▶ Task goal
Reproduce the lines below exactly, from the one containing "コメントフォーマルシーンに最" through the one containing "- Lastly, add", both included. Leave out any pictures.

▶ Exercise input
....................

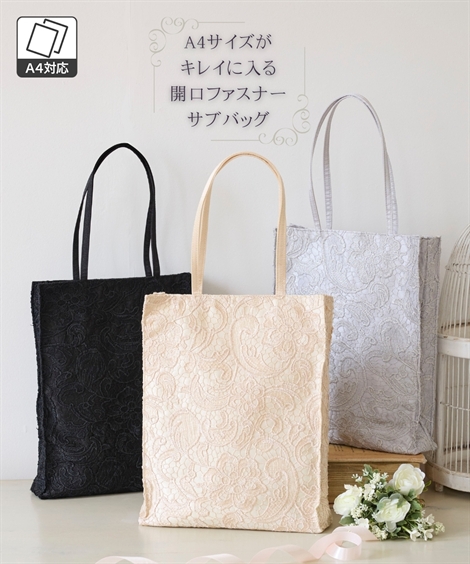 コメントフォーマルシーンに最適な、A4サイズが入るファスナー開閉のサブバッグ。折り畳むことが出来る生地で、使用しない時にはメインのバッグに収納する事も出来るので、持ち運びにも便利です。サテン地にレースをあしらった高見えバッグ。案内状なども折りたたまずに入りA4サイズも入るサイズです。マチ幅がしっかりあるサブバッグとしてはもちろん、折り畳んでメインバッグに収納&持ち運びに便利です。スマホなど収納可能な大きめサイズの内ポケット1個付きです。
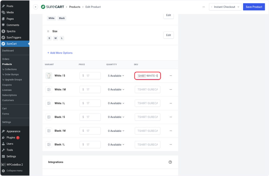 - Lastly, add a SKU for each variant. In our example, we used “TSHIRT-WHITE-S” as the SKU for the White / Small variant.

....................

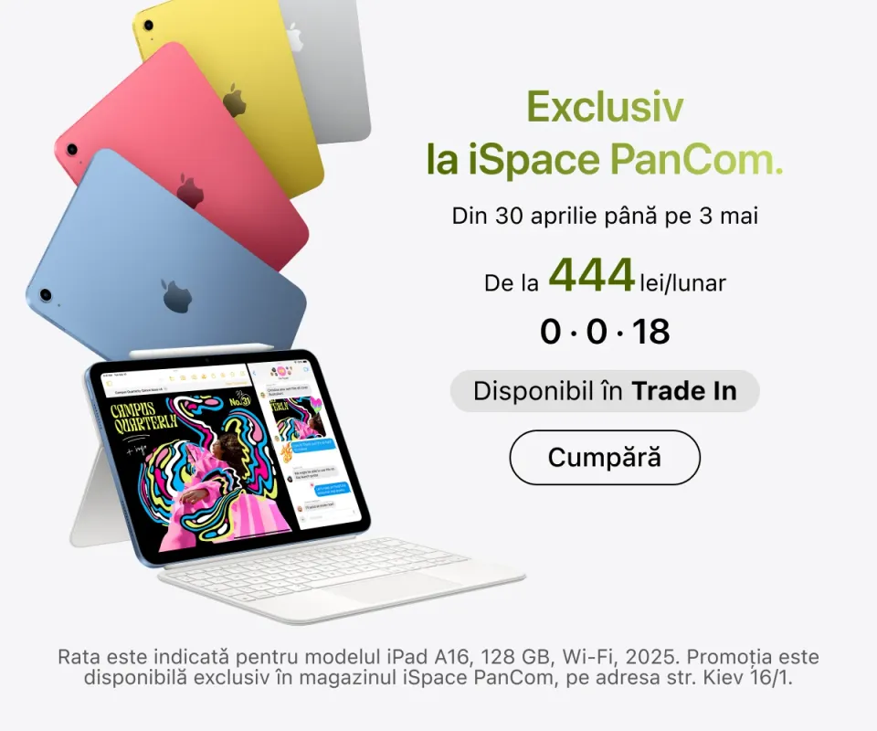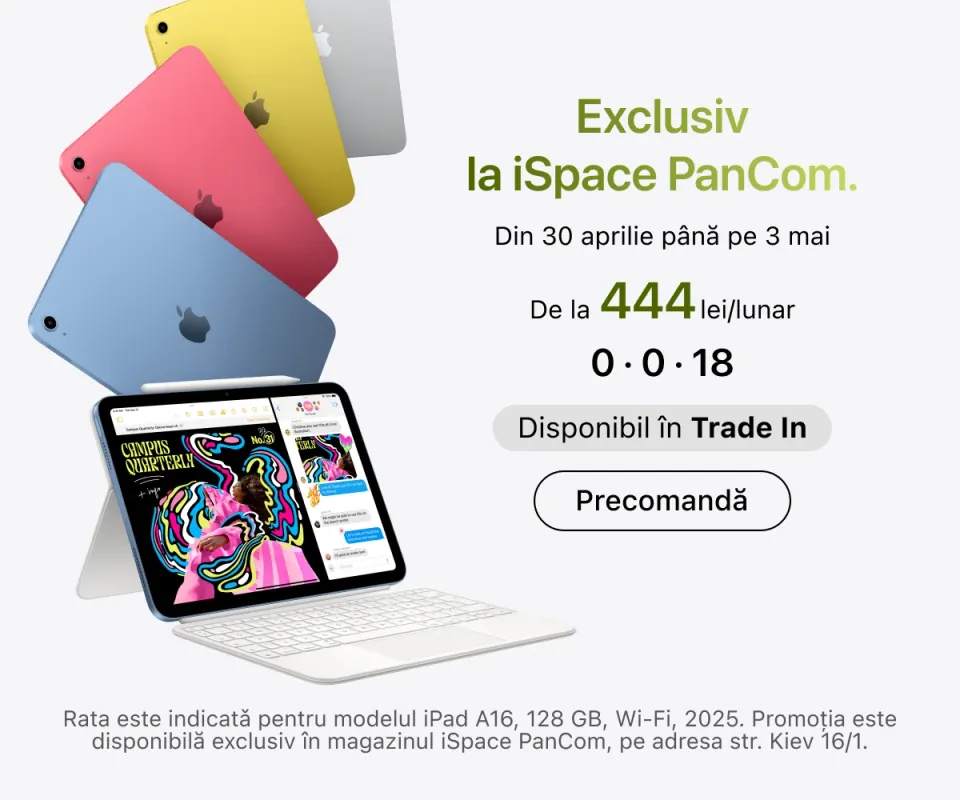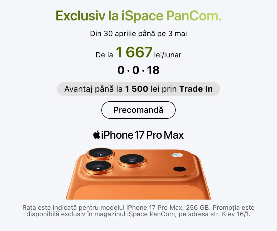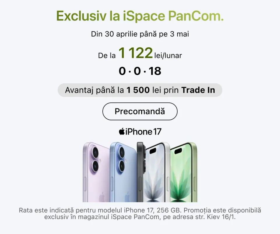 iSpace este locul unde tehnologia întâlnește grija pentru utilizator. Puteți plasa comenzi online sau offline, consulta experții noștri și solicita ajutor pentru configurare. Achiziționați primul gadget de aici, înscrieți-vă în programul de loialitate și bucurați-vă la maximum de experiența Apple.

....................

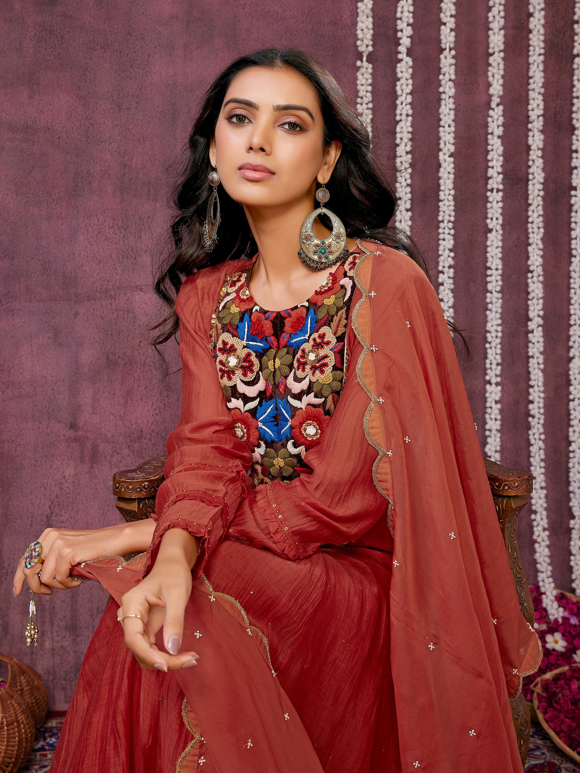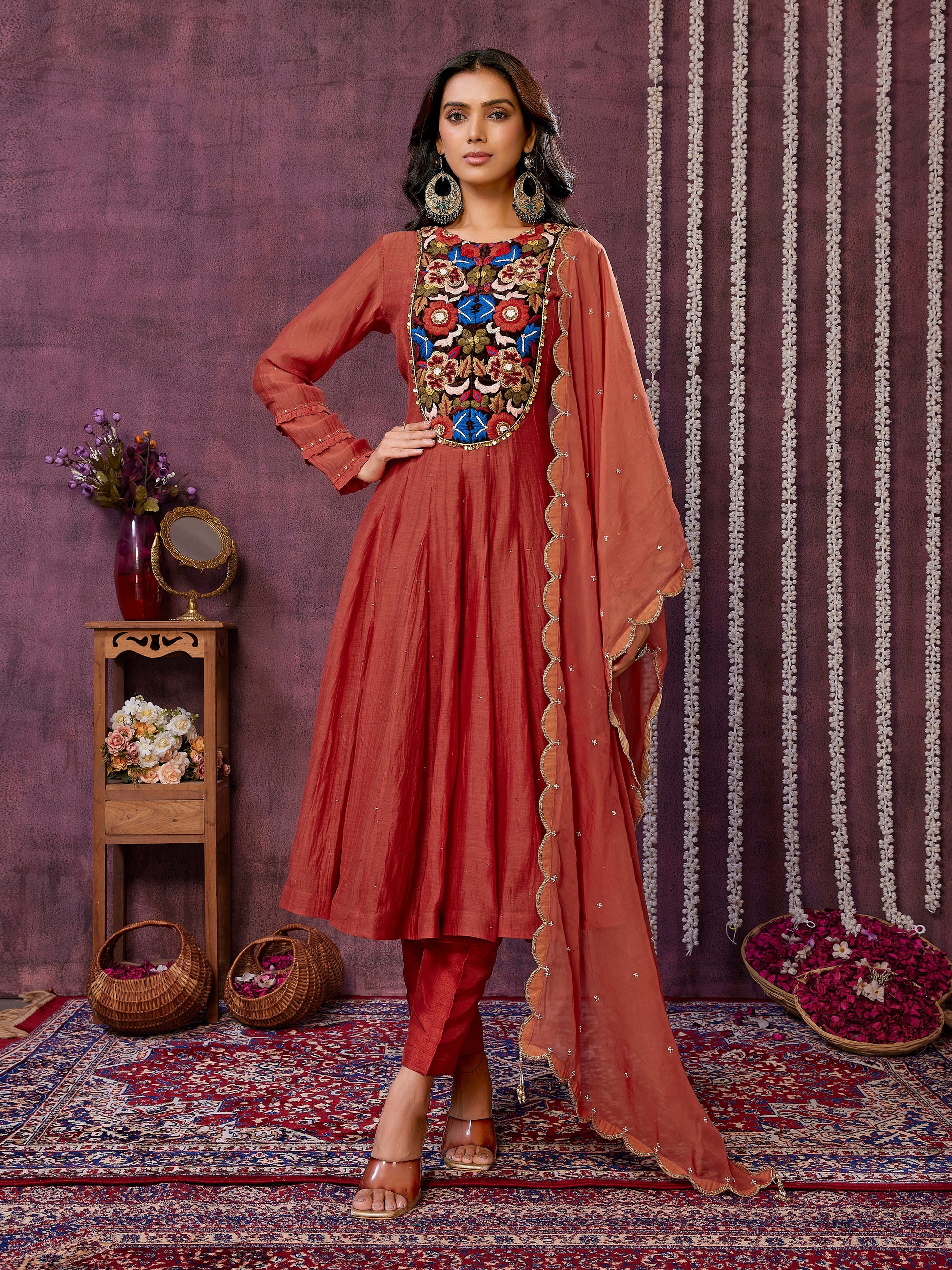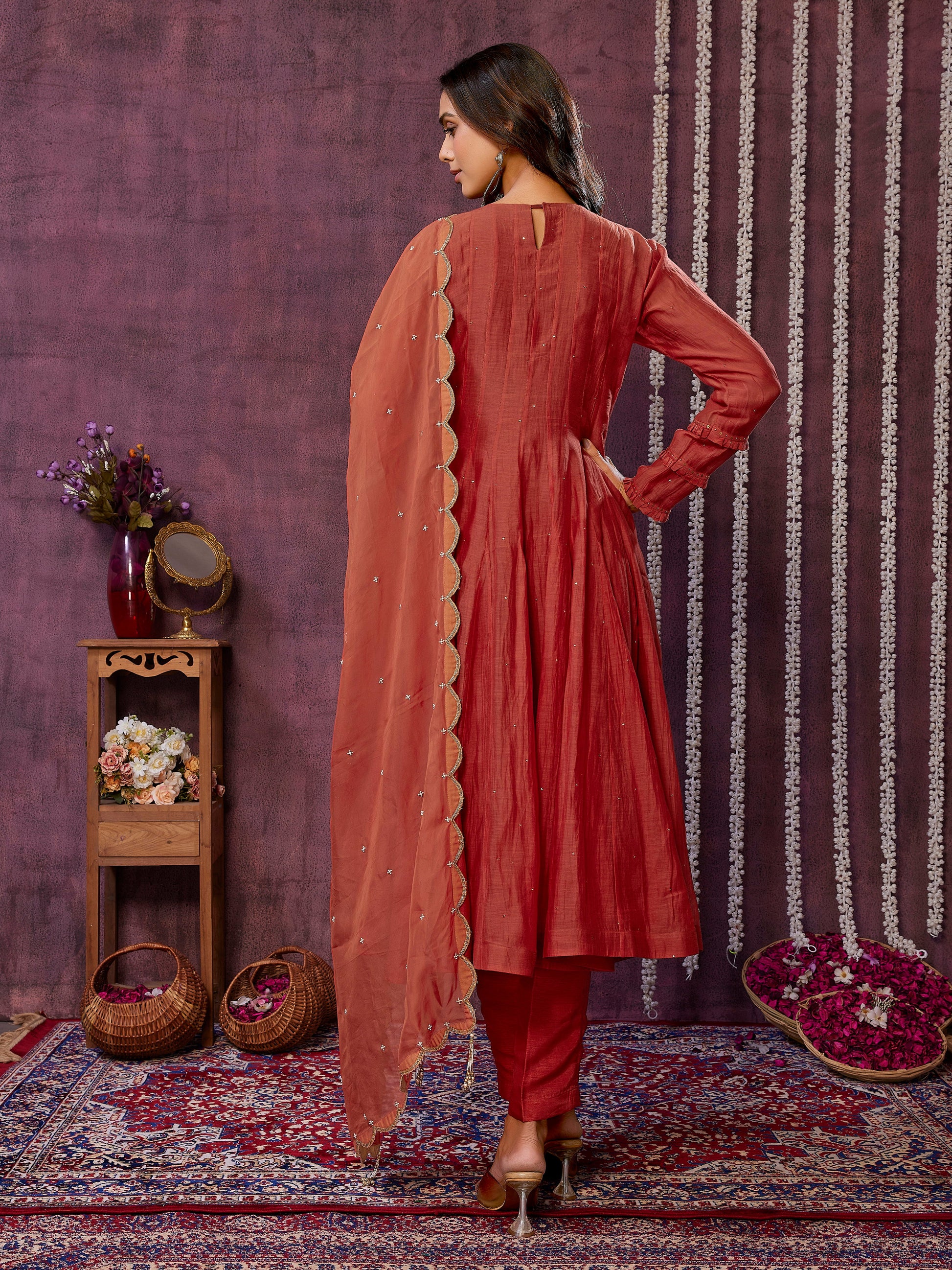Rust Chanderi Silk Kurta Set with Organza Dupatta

....................

▶ Solution
 コメントフォーマルシーンに最適な、A4サイズが入るファスナー開閉のサブバッグ。折り畳むことが出来る生地で、使用しない時にはメインのバッグに収納する事も出来るので、持ち運びにも便利です。サテン地にレースをあしらった高見えバッグ。案内状なども折りたたまずに入りA4サイズも入るサイズです。マチ幅がしっかりあるサブバッグとしてはもちろん、折り畳んでメインバッグに収納&持ち運びに便利です。スマホなど収納可能な大きめサイズの内ポケット1個付きです。
 - Lastly, add a SKU for each variant. In our example, we used “TSHIRT-WHITE-S” as the SKU for the White / Small variant.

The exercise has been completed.